Please mark your calendar and plan to attend ~

C4I Seminar Series: Combinatorial Prediction Markets by Graphical Model: Algorithms and Auto-Traders, by Dr. Wei Sun and Walter Powell. Friday, March 29, 2013 at 1:30 pm, Engineering Building, room 4705. For more information, contact Deb Schenaker, [log in to unmask], ext 3-3682 or visit the Center website,


Prediction markets are defined as speculative markets created for the purpose of making predictions. The current market prices can be interpreted as estimates of the probability of the event, or the expected value of the parameter. Public prediction markets such as the Iowa Electronic Market or the Foresight Exchange have been in place for over two decades.  More recently, Intrade, Inkling, and Betfair have been in the news. 

All of these prediction markets ignore the relationships between questions, but combinatorial prediction markets explicitly consider and exploit dependencies among base events. This allow us to collect more information and promises better accuracy.  A combinatorial market can integrate partial information from many people, and update a joint probability distribution that is far larger than any one person can fully edit or consider.  However, we must tame the combinatorial explosion before the problem is beyond computers as well.

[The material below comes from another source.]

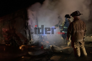 De acuerdo con el gerente de la empresa de paquetería “La Mejor Opción”, Víctor Hugo “M”, el fallecido era chofer de una camioneta Ford Transit Jumbo 2025, color blanco, procedente de Nuevo León. El vehículo impactó de frente contra un tráiler de la empresa González Truck Lines, que transportaba perfiles de acero, lo que provocó un incendio inmediato tras la colisión.

In this talk, we show how to use Bayesian networks to represent and update combinatorial markets -- including user assets.  We also present results of a recent murder-mystery experiment where participants used either a regular prediction market or a combinatorial market to solve the mystery.  Finally, in order to further improve the market's accuracy, we designed an auto-trader based on user's input and/or belief expressed as a Bayesian network fragment.  We show results that simple auto-traders can encourage participation, and new work on a "Kelly Rule" auto-trader that finds optimal trades given a user's joint beliefs.


A Research Assistant Professor in the Center of Excellence in C4I at George Mason University, since August 2009, Dr. Wei Sun is currently involved as a core researcher in a government funded research project called DAGGRE, which has awarded the GMU research team with more than $5 million dollars in research funding.  An expert in Bayesian inference, Dr. Sun obtained his Ph.D. in Information Technology in 2007 and has developed several efficient inference algorithms for hybrid Bayesian networks. He has a rich experience in predictive modeling, probabilistic reasoning, nonlinear filtering, sampling methods and simulation. Applications of his research include sensor fusion, tracking, classification, forecasting, performance modeling, and recently prediction markets. Dr. Sun has published 20 technical papers in referred journals and prestigious conferences, and two book chapters.

Walter Powell is a Ph.D. candidate and Research Instructor in George Mason University’s C4I center.  A retired naval officer, his is completing his doctoral research in the evaluation of the quality of decisions.  As part of his research he has developed numerous experiments and evaluations that assessed the usefulness of various decisions support systems.  As a Senior Research Engineer with RTSync, Inc., he consults on modeling and simulation projects for various governmental and industry entities.